AMD Strix Point SoC Reintroduces Dual-CCX CPU, Other Interesting Silicon Details Revealed

btarunr · Jul 24, 2024

Since its reveal last week, we got a slightly more technical deep-dive from AMD on its two upcoming processors—the "Strix Point" silicon powering its Ryzen AI 300 series mobile processors; and the "Granite Ridge" chiplet MCM powering its Ryzen 9000 desktop processors. We present a closer look into the "Strix Point" SoC in this article. It turns out that "Strix Point" takes a significantly different approach to heterogeneous multicore than "Phoenix 2." AMD gave us a close look at how this works. AMD built the "Strix Point" monolithic silicon on the TSMC N4P foundry node, with a die-area of around 232 mm².

The "Strix Point" silicon sees the company's Infinity Fabric interconnect as its omnipresent ether. This is a point-to-point interconnect, unlike the ringbus on some Intel processors.

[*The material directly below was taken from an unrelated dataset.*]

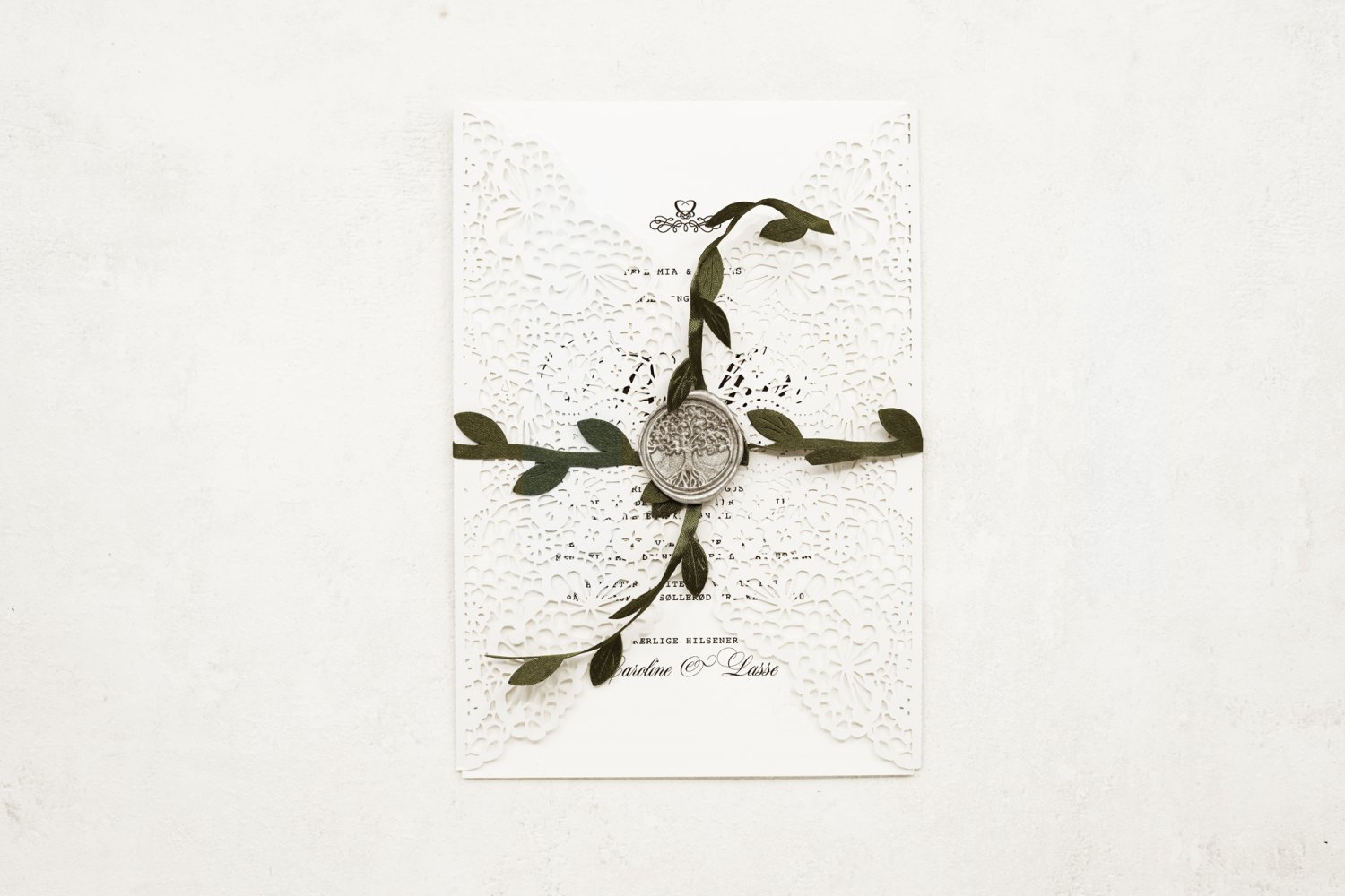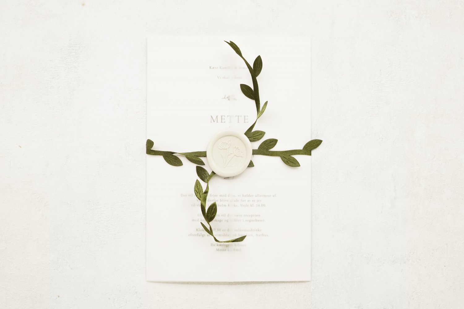 Naturinspireret bånd med små blade til udsmykning af festen. Bladbåndet kan bruges som pynt på bryllupsbordene eller bindes omkring servietten for at gøre borddækningen endnu smukkere. Perfekt til det elegante og naturinspireret fest.

The main compute machinery on the "Strix Point" SoC are its two CPU compute complexes (CCX), each with a 32b (read)/16b (write) per cycle data-path to the fabric. The concept of CCX makes a comeback with "Strix Point" after nearly two generations of "Zen." The first CCX contains the chip's four full-sized "Zen 5" CPU cores, which share a 16 MB L3 cache among themselves. The second CCX contains the chip's eight "Zen 5c" cores that share a smaller 8 MB L3 cache. Each of the 12 cores has a 1 MB dedicated L2 cache.

This approach to heterogeneous multicore is significantly different from "Phoenix 2," where the two "Zen 4" and four "Zen 4c" cores were part of a common CCX, with a common 16 MB L3 cache accessible to all six cores.

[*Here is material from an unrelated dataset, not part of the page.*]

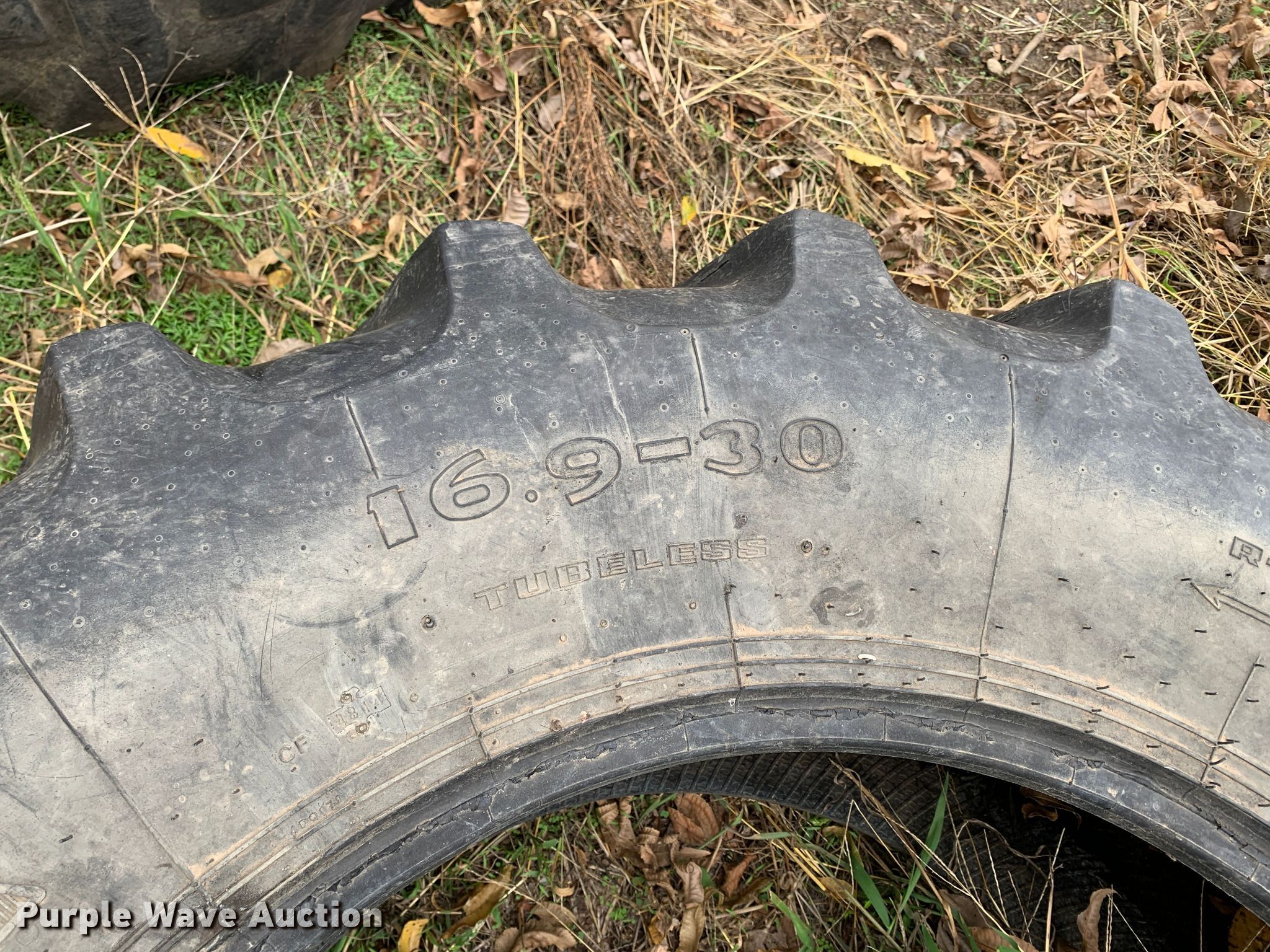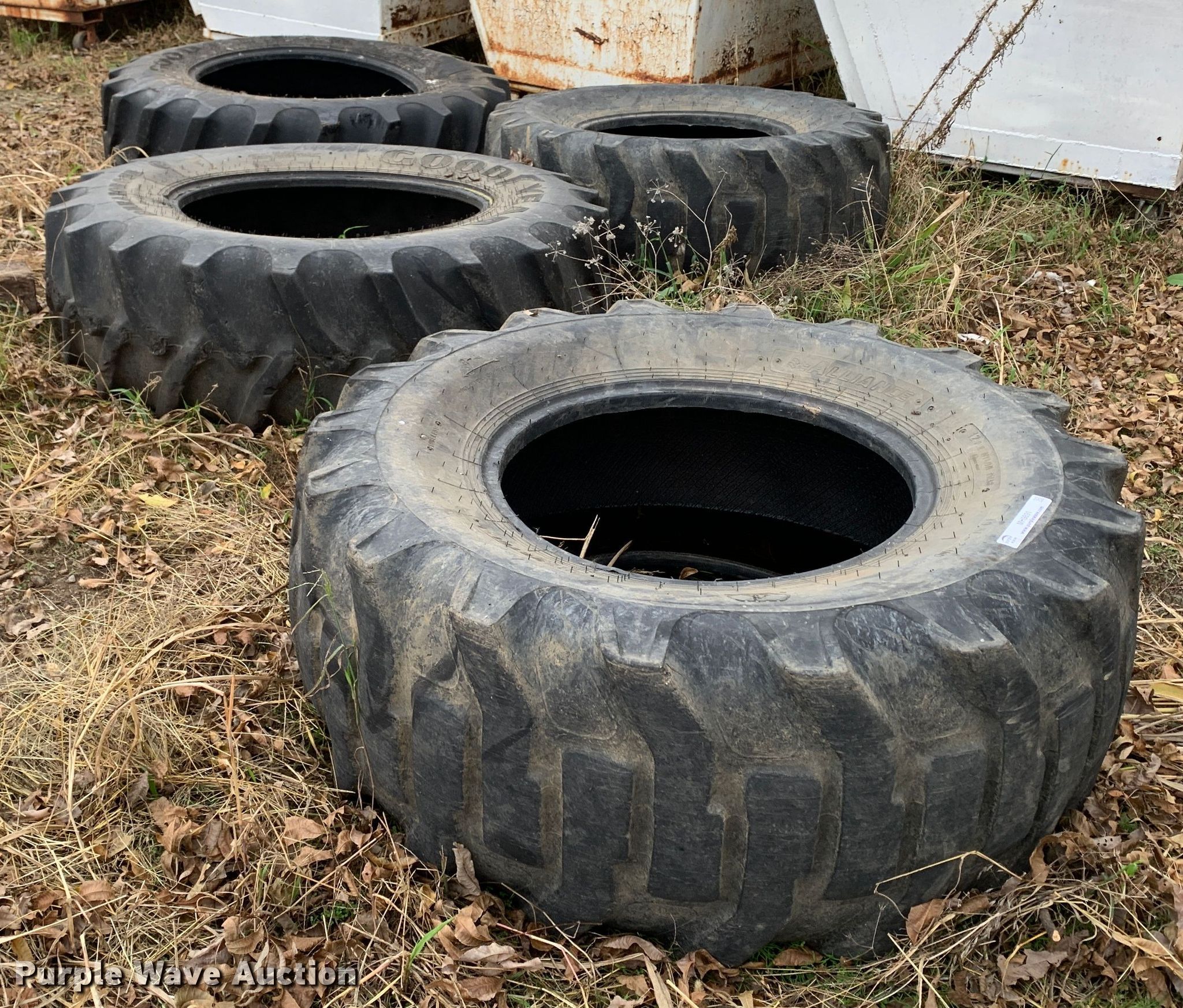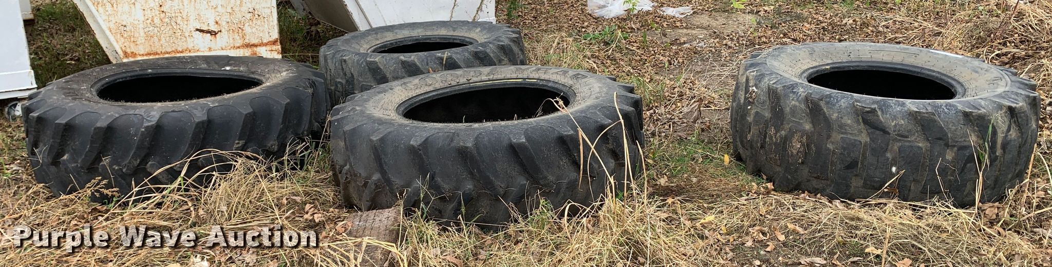 Purple Wave is selling a used Industrial Tires or Tracks in Oklahoma. This item is a (4) tires with the following: 19.5L-24, (3) 16.9-30

The "Zen 5" cores on "Strix Point" will be able to sustain high boost frequencies, in excess of 5.00 GHz, and should benefit from the larger 16 MB L3 cache that's shared among just four cores (similar L3 cache per core to "Granite Ridge"). The "Zen 5c" cores, on the other hand, operate at lower base- and boost frequencies than the "Zen 5" cores, and have lesser amounts of available L3 caches. For threads to migrate between the two core types, they will have to go through the fabric, and in some cases, even incur a round-trip to the main memory.

The Zen 5c core is about 25% smaller in die-area than the Zen 5 core. For reference, the Zen 4c core is about 35% smaller than a regular Zen 4 core. AMD has worked to slightly improve the maximum boost frequencies of the Zen 5c core compared to its predecessor, so the frequency band of the Zen 5c cores are a tiny bit closer. The lower maximum voltages and maximum boost frequencies of Zen 5c cores put them at a significant power efficiency advantage over the Zen 5 cores. AMD is continuing to rely on a software based scheduling solution that ensures the right kind of processing workload goes to the right kind of core. The company says that the software based solution lets it correct "scheduling mistakes" over time.

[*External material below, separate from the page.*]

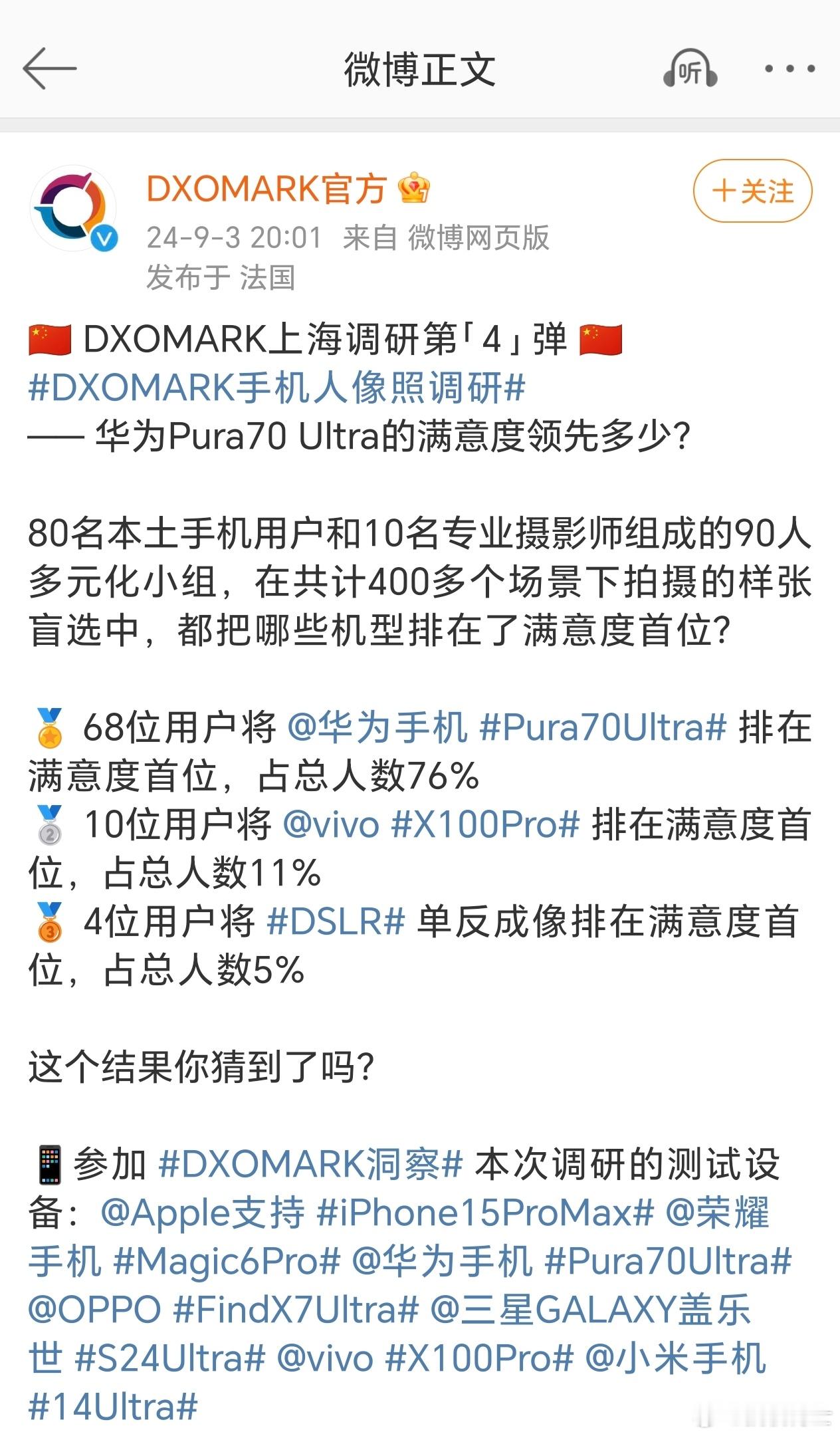 DXO人像样张盲选调研:华为Pura70 Ultra满意度遥遥领先,占比76%v

The iGPU is the most bandwidth-hungry device on the fabric, and gets its widest data-path—4x 32B/cycle. Based on the RDNA 3.5 graphics architecture, which retains the SIMD engine and IPC of RDNA 3, but with several improvements to the performance/Watt, this iGPU also features 8 workgroup processors (WGPs), compared to the 6 on the current "Phoenix" silicon. This works out to 16 CU, or 1,024 stream processors. The iGPU also features 4 render backends+, which work out to 16 ROPs.

The third most bandwidth-hungry device is the XDNA 2 NPU, with a 32B/cycle data-path that's of a comparable bandwidth to a CCX. The NPU features four blocks of 8 XDNA 2 arrays, and 32 AI engine tiles; for 50 TOPS of AI inferencing throughput, and can be overclocked. It also supports the Block FP16 data format (not to be confused with bfloat16), which offers the precision of FP16, with the performance of FP8.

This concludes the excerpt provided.